No domínio dos direitos humanos, isso significa promover as proteções internacionais e nacionais para a liberdade de expressão e de reunião, garantindo assim o direito de cada indivíduo de expressar a sua dissidência diante do autoritarismo. Em muitos Estados, para garantir a liberdade de expressão será necessário revogar as leis de sedição e terminar a suspensão da Internet. Além disso, os governos devem bloquear a exportação e transferência de equipamentos de vigilância para os regimes repressivos.
Mais urgentemente, os líderes mundiais têm de aumentar substancialmente os investimentos nas organizações da sociedade civil que exercem uma verificação crítica sobre o poder do Estado. E têm de destinar recursos tangíveis aos defensores dos direitos humanos, jornalistas locais, serviços sociais e centros comunitários.

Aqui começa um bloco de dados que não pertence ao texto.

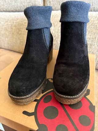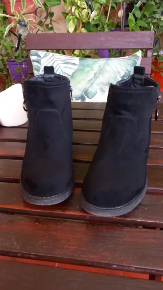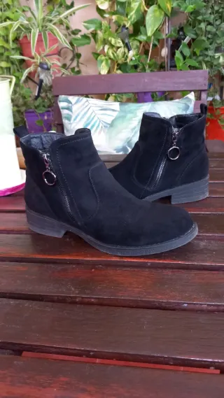 ▶️ ELEGIR ENVÍO POR INPOST Elige varios artículos de mi perfil, y paga sólo un envío Están cómo la primera foto, perfectos y negros, en las demás fotos se ven cómo descoloridos por la luz pero están cómo nuevos Botines de estilo casual. Utilizados 2 veces. Lleva dos cremalleras pero una es decorativa y la otra si se abre para ponértelos. Suela de de goma muy cómodos, cómo ir en zapatillas - Cierre de cremallera lateral. - Material efecto ante
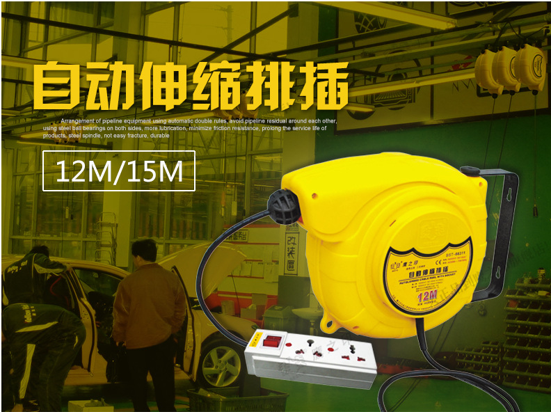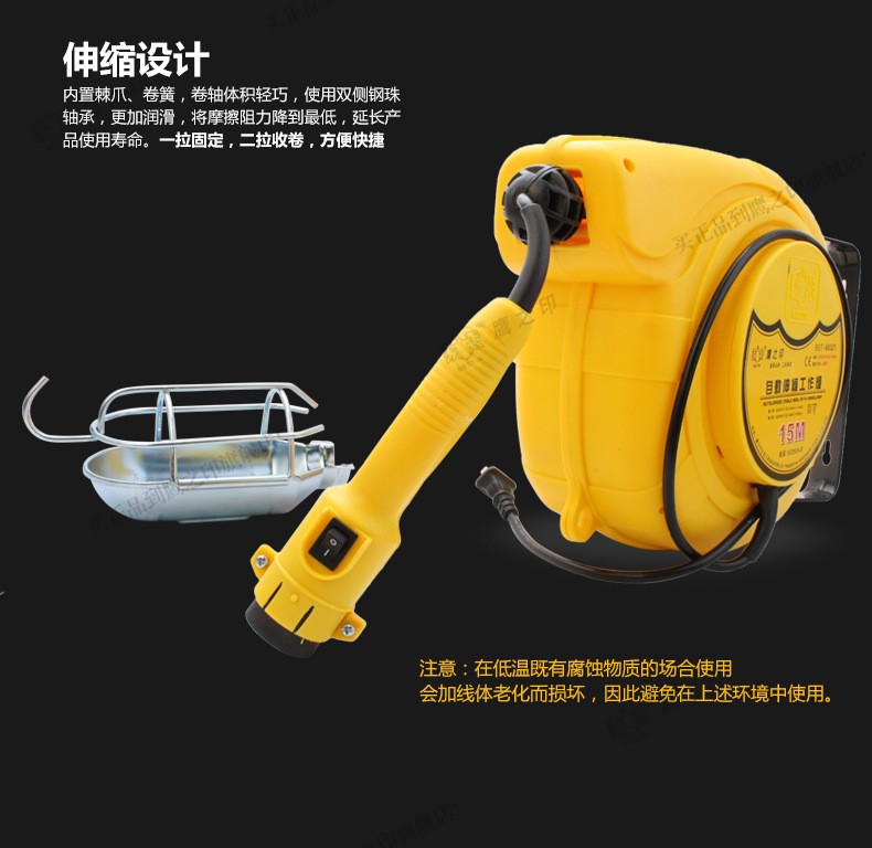 鷹の印12メートル/15メートル電気ドラム自動伸縮式ソケット/作業灯巻管器巻線器吊り輪

Isso requer não apenas apoiar essas organizações em tempos de crise, quando já estão a batalhar para satisfazer as suas comunidades, mas também investir no seu crescimento a longo prazo, o que é um investimento na sustentação de uma cidadania ativa e preparada para enfrentar futuras emergências. Por exemplo, os líderes democráticos devem ampliar os mecanismos de proteção envolventes que providenciam aos ativistas em risco serviços jurídicos, médicos, psicossociais, de segurança digital e de apoio à relocação, em particular aqueles projetos que operam perto de onde os ataques regionais e nacionais à sociedade civil estejam a ocorrer. Esta é uma das formas mais seguras de os Estados apoiarem aqueles que estão a arriscar as suas vidas para defender a democracia.
Por último, os líderes têm de se unir em torno da causa democrática comum e colaborar estreitamente em parcerias multissetoriais e multilaterais. Nos governos, no setor filantrópico, no setor privado e na sociedade civil, temos a oportunidade de desenvolver o diálogo na cimeira e usar os nossos pontos fortes exclusivos para expandir o espaço cívico. Afinal de contas, o melhor protetor do espaço cívico é haver mais espaço cívico povoado por cidadãos comprometidos e interligados, que tenham recursos, proteções e poder para defenderem os seus próprios direitos e meios de subsistência.
Uma cidadania que se compromete pode ser transformadora. Na Moldávia e na Malásia, por exemplo, organizações da sociedade civil ajudaram, este ano, a derrubar leis repressivas de "estado de emergência", evitando a erosão perigosa das instituições democráticas. E milhões de pessoas marcharam em protestos Black Lives Matter no verão de 2020, formando provavelmente o maior movimento de massas na história dos Estados Unidos.
Independentemente da origem da luta ou da distância que percorram, quando as pessoas se reúnem pacificamente para defender os seus direitos humanos fundamentais, fazem extraordinários progressos rumo à dignidade, equidade e justiça para todos. De Cartum a Kuala Lumpur, vamos proteger e promover esse progresso em palavras e ações, e garantir que continua robusto para a próxima geração.»